(THE PROBLEM)
Your response to the data below should hold nothing except the lines from the one containing "Чайний сервіз No" down to the one containing "In de hak van", reproduced exactly and without pictures.

(DATASET RECORDS)
● ● ●
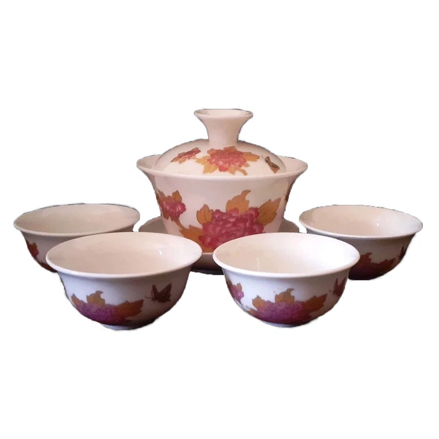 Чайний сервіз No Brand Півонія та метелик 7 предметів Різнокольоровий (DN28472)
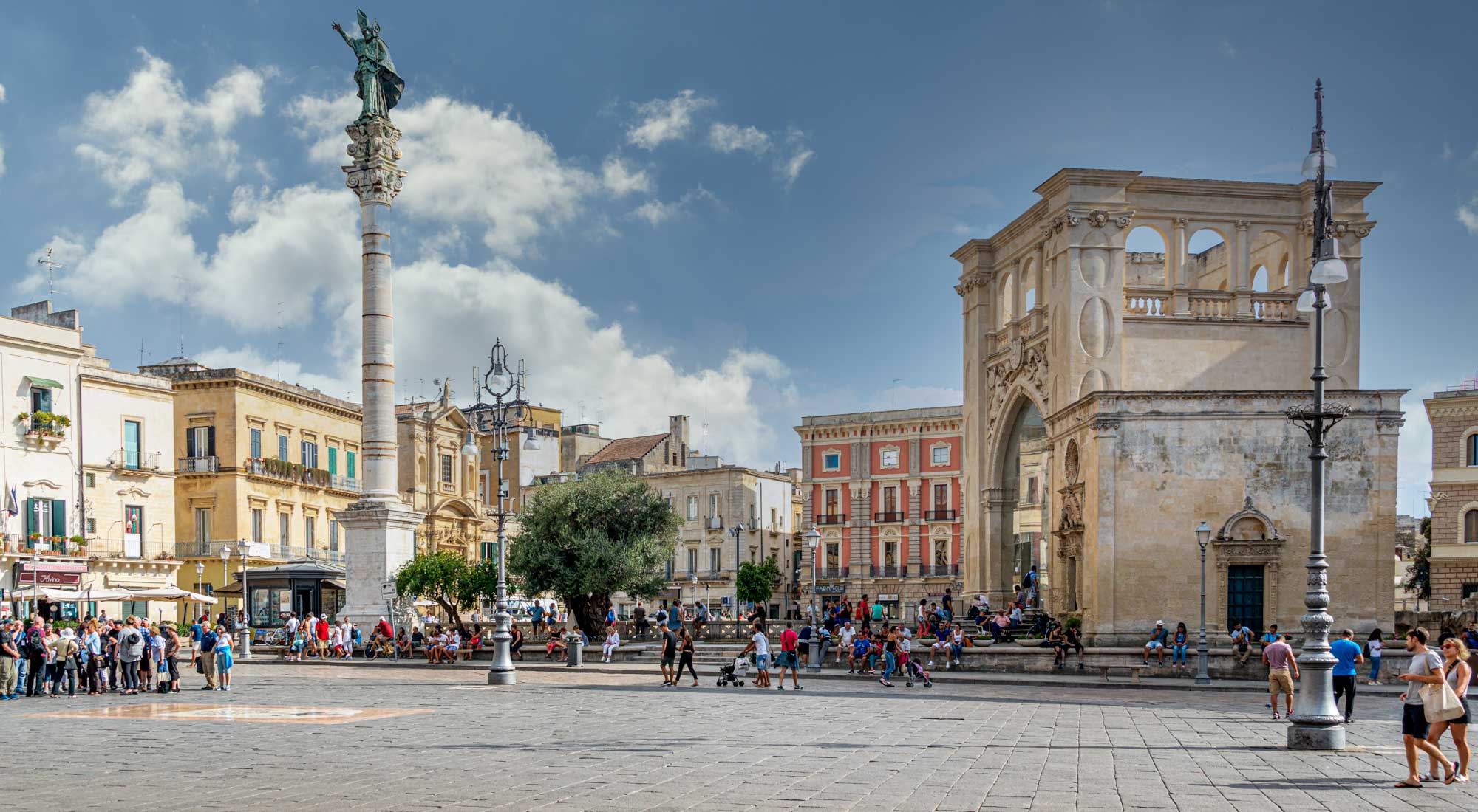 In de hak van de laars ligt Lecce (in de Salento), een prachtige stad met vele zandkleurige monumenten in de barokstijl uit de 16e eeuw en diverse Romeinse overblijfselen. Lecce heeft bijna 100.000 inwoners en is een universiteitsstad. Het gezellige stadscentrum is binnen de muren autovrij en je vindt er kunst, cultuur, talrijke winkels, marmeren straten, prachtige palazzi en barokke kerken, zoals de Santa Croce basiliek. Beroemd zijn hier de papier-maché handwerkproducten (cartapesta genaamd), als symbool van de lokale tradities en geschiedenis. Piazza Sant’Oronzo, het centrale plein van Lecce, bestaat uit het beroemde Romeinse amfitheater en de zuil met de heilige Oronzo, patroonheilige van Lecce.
● ● ●
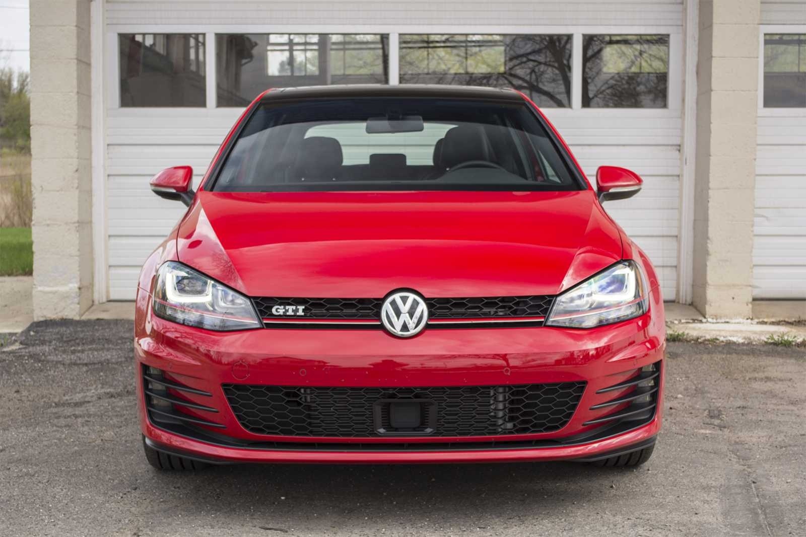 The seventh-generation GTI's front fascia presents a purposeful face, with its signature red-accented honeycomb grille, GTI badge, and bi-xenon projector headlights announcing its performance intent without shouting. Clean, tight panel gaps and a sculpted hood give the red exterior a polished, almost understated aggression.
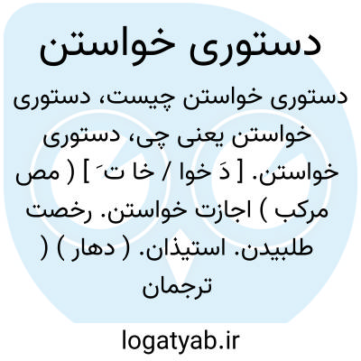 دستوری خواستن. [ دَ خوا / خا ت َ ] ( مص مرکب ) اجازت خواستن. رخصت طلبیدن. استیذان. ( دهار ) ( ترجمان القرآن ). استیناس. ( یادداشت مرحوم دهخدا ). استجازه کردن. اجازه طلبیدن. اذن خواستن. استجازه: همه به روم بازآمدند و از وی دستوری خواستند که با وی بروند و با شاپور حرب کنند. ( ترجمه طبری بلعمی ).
● ● ●
(WRITTEN RESPONSE)
 Чайний сервіз No Brand Півонія та метелик 7 предметів Різнокольоровий (DN28472)
 In de hak van de laars ligt Lecce (in de Salento), een prachtige stad met vele zandkleurige monumenten in de barokstijl uit de 16e eeuw en diverse Romeinse overblijfselen. Lecce heeft bijna 100.000 inwoners en is een universiteitsstad. Het gezellige stadscentrum is binnen de muren autovrij en je vindt er kunst, cultuur, talrijke winkels, marmeren straten, prachtige palazzi en barokke kerken, zoals de Santa Croce basiliek. Beroemd zijn hier de papier-maché handwerkproducten (cartapesta genaamd), als symbool van de lokale tradities en geschiedenis. Piazza Sant’Oronzo, het centrale plein van Lecce, bestaat uit het beroemde Romeinse amfitheater en de zuil met de heilige Oronzo, patroonheilige van Lecce.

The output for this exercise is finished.